Like the VRRA, USERRA applies to essentially all employers, including the Federal Government, state and local governments, and private employers, regardless of size.  If the Secretary of the Department of Corrections of the state published a memorandum stating that corrections officers are “not authorized” to apply for active duty, any attempt to enforce such a memorandum would clearly violate USERRA.  In his relationship with the National Guard technicians, the TAG is their civilian employer and has no better rights than the Secretary of the State Department of Corrections. 

Under USERRA, the employee must give the employer prior oral or written notice, before absenting himself or herself from the civilian job for the purpose of performing service in the uniformed services (active duty, active duty for training, inactive duty training, funeral honors duty, etc.).  See 38 U.S.C. 4312(a).  This is a notice requirement, not a permission requirement.  The employee does not need the employer’s permission, and the employer does not get a veto on the employee leaving work (for a day, for a year, or for up to five years) to perform uniformed service. 

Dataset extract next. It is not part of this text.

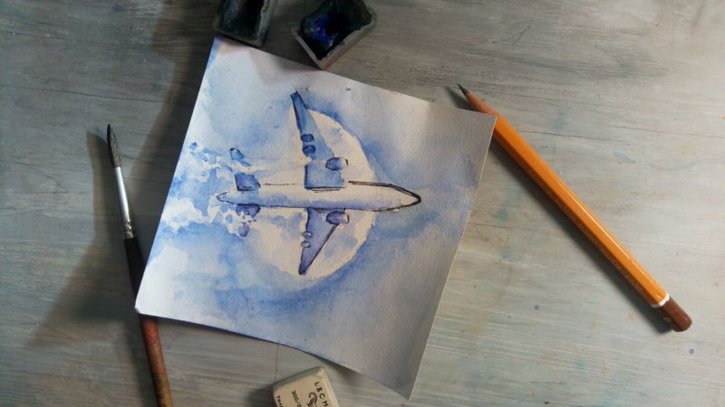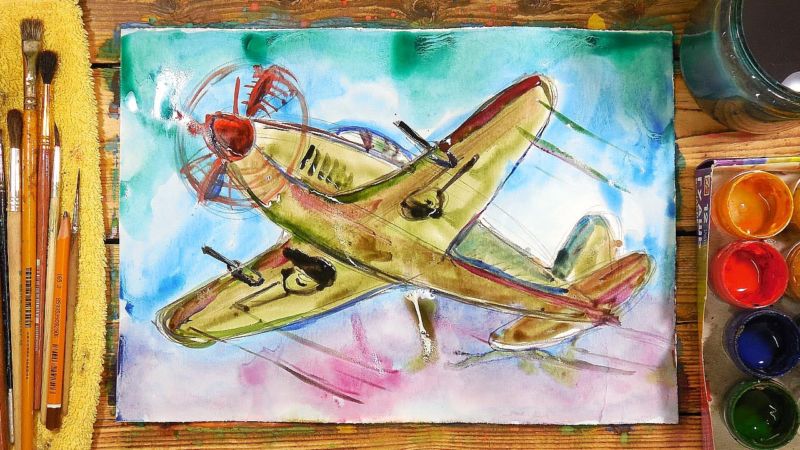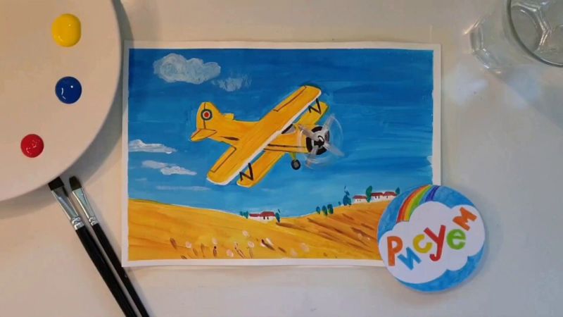 Рисуване на самолет с гваш

USERRA does not require an employee to give the employer notice before applying for service.  I get questions about this scenario frequently.  I generally advise the RC member not to tell the employer that he or she has applied to go on active duty, at least until it is reasonably certain that he or she will in fact be going on active duty.  Don’t get your employer all spun up, only to learn that your service does not want you to go on active duty at this time. 

My principal concern with the TAG’s written memorandum in this situation is with the “optics”—to use “Inside the Beltway” lingo.  The appearance is terrible.  USERRA’s very first section expresses the “sense of Congress that the Federal Government should be a model employer in carrying out the provisions of this chapter.”  38 U.S.C. 4301(b).  As a civilian employer, the National Guard must strive to be a model among models.

By this memorandum, the TAG has created the appearance that he considers himself above USERRA, with respect to his relationship with his own civilian employees, the technicians.  This appearance must necessarily undermine the TAG’s moral standing to advocate for his Soldiers and Airmen, with respect to their civilian employers.  “Do as I say and not as I do” has always been a losing argument.

“Any why beholdest thou the mote that is in thy brother’s eye, but considerest not the beam that is in thine own eye.”  Matthew 7:7 (King James Bible).

I call upon the TAG of the state in question to amend the subject memorandum by deleting the offending sentence.  I call upon all the TAGs to review their policies and practices, with respect to National Guard technicians volunteering for active duty.



[1] We are withholding the identity of the state in question, at least for now.  We are hopeful that The Adjutant General (TAG) of the state will amend the written policy to bring it into compliance with federal law (USERRA).  I frequently receive complaints from National Guard technicians, to the effect that the National Guard, as their civilian employer, is flouting USERRA.